Finally, we turn to the H3 loops. Both Nb and Ab H3 loops vary significantly in length. The mean Nb H3 loop length in our dataset is 15.19 ± 4.23 residues (median length 15), while the mean Ab H3 loop length is 12.09 ± 3.81 residues (median length 12). Loop length distributions are shown in Figures 5 and 6; the Kullback‐Leibler divergence of the Nb H3 loop length distribution from the Ab H3 loop length distribution is 0.29. Nb H3 loops are also more sequence diverse, with mean Hamming distance 0.89 ± 0.09, that is, ≈ 13/15 sequence changes between each pair of Nb H3 loops, compared to 0.83 ± 0.11 that is, ≈ 10/12 residue differences between each pair of Ab VH domain H3 loops. A two‐tailed unpaired t test at the 0.05 significance level shows this difference is statistically significant (P = 6.28 E –7). In addition, the set of Nb H3 backbone structures are notably more structurally diverse than the Ab H3 loop superposition shown in Figure 6. Calculation of the average pairwise RMSD of H3 loops reveals the extent of structural variability (see Table 2 and methods); Nb VHH H3 loops have a mean pairwise RMSD of 6.43 ± 3.32 Å, and a maximum pairwise RMSD of 21.09 Å, while Ab VH H3 loops have a mean pairwise RMSD of 3.52 ± 1.33 Å, with maximum 13.14 Å. The Nb H3 RMSD values are large enough to suggest that distance measurement of sequence‐aligned atoms makes little structural sense, since the loop backbones are so distinct. Furthermore, there are clear differences in residue usage at the N‐ and C‐terminal portions of the H3 loops. Loop position 1 is a relatively conserved Ala in Nb, but Arg in Ab. Similarly, the −3 position at the C‐terminus of the loop is often a Tyr in Nb but a Phe in Ab. One simple distinction that facilitates increased structural variation is that the Nb H3 loop can occupy a greater range of positions relative to the framework due to the absence of a cognate VL‐domain. This suggests that it might be difficult to emulate the recent progress made in structural prediction of Ab H3 loops20, 39 for Nbs.
4. CONCLUSION
Nbs provide a simple system with which to probe the question of how homologous amino acid sequences can encode a vast diversity of antigen binding specificities. These small single domain antibodies generate high affinity binding specificity against a huge range of protein antigens, despite being half the size of the antigen‐binding VH‐VL units found in classical Abs, and furthermore lacking the structural variability provided by the VH‐VL domain interface.13 The heavy chain only antibodies, from which Nbs are derived, are estimated to have evolved from classical antibodies around 25 million years ago.10, 40 Their emergence and sustained co‐existence in camelid immune systems alongside classical antibodies, is attributed to the advantageous complementary range of specificities they provide, in binding to “hidden” epitopes that are otherwise inaccessible to larger classical antibodies. 7, 9, 40 It is therefore reasonable to suggest that Nbs could have evolved different mechanisms for attaining antigen‐binding specificities comparable to Abs. In this article we use a set of bound Nb‐antigen complexes to ask how Nbs achieve a comparable range of binding specificities to classical Abs. Our dataset of co‐crystal complexes allows us to identify those aligned Nb sequence positions that make contact with the antigen, and so likely contribute to specificity determination.
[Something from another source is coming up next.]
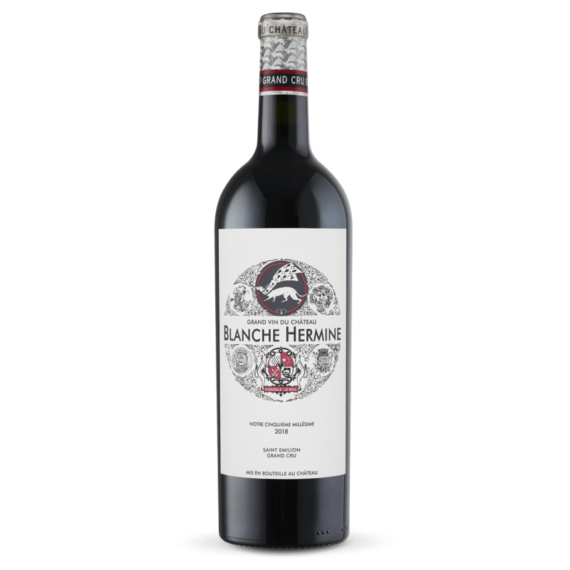 Le Saint Emilion Grand Cru Blanche Hermine 2018 propose un nez de Cabernet Franc marqué par la violette, le fumé et le chocolat.

We find that Nbs are notably more conserved in sequence and structure across their framework regions than classical Ab VH domain sequences. Furthermore, the Nb H1 loop is no more variable in sequence than the Ab H1 loop, and the Nb H2 loop is significantly less sequence diverse than its VH domain counterpart. Nb VHH domains are constructed from the IGHVH family of V genes, and our findings may support the hypothesis that this family evolved via duplication of a single IGHV3 gene family.10 If VHH domains are drawn from a considerably smaller pool of germline sequences, this suggests there is less “starting diversity” across the region encoded by the V gene segment, which spans framework regions 1–3, H1 and H2. Notably, however, heavy chain antibodies have also been identified with IGHV4 and IGHV3 V gene origins, and so the pool of V gene sequences may not be as restricted as previously thought.7
Aside from their germline origins, the requirement for VHH domains to remain soluble in isolation without a partner light chain domain may provide a strong constraint on which framework sequence changes can be accepted. The finding that Nbs are more conserved in sequence and structure across their framework regions, suggests that the framework is not greatly exploited by Nbs to increase number of binding specificities that can be encoded.
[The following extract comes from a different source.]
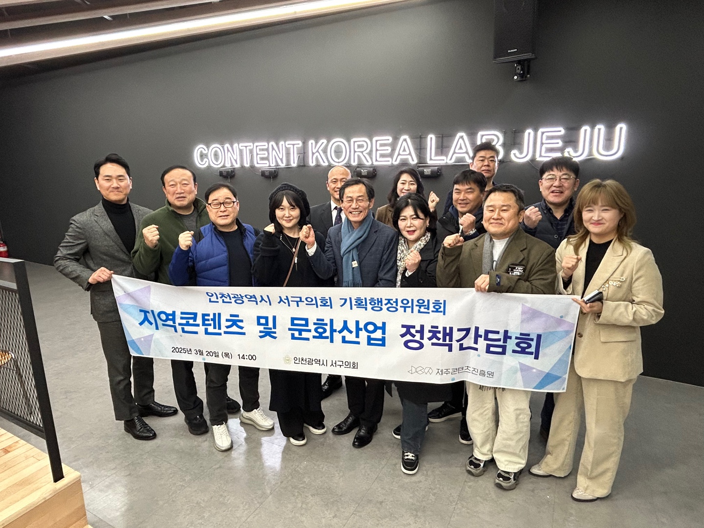 인천광역시 서구의회 기획행정위원회(위원장 김원진) 소속 의원 6명은 2025년 3월 20일 제주특별자치도 제주콘텐츠진흥원(원장 강민부)을 방문하여 지역 콘텐츠 및 문화산업 정책에 대한 현장 시찰을 진행했다.

How then can Nbs generate such a diverse range of binding specificities? This work identifies three potential mechanisms. The first mechanism concerns the significantly increased structural diversity exhibited by Nb H1 and H2 loops. These loops do not display greater sequence variation than their Ab counterparts, yet our structural analysis shows that they do exhibit much greater structural variability. This structural diversity may be enabled by distinct loop sequence features compared to Abs—for example, fewer Nb H1 loops contain a stabilizing F29, and Nb H2 loops use a greater proportion of small residues such as Ser and Gly, which increase structural flexibility. Regardless of how Nbs sample a greater variety of loop backbone conformations, the fact that they do makes an important contribution to their ability to achieve high specificity antigen binding.
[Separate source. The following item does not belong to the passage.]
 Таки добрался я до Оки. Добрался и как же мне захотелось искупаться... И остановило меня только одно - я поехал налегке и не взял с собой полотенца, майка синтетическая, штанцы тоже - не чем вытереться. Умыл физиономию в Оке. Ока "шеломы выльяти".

In accordance with previous work, we find that Nb H3 loops tend to be on average longer than Ab H3 loops7, 10, 19, 30—the average length increase in our dataset is 3–4 residues. Nb H3 loops are also more divergent in both sequence and structure, occupying a greater range of positions relative to the framework. Lengthening the H3 loop provides an immediate way for Nbs to generate diversity—each extra residue increases the space of possible sequences by a factor of 20, and potentially the space of interaction specificities. Furthermore, the number of structural conformations the loops can adopt for a given sequence also increases as a function of the loop length. In addition, our dataset shows that Nbs encode around 7% more sequence diversity per amino acid residue than their Ab H3 loop counterparts. Longer H3 loops are thought to enable Nbs to bind to antigens by using fingerlike protrusions that extend into epitope cavities. Notably though, our set of Nbs also includes H3 loops that are shorter than any in the Ab dataset (Figures 5C and 6C). These findings suggest that Nbs exploit increased diversity in their H3 loops to enable them to generate the ability to bind tightly and specifically to antigens they are challenged with.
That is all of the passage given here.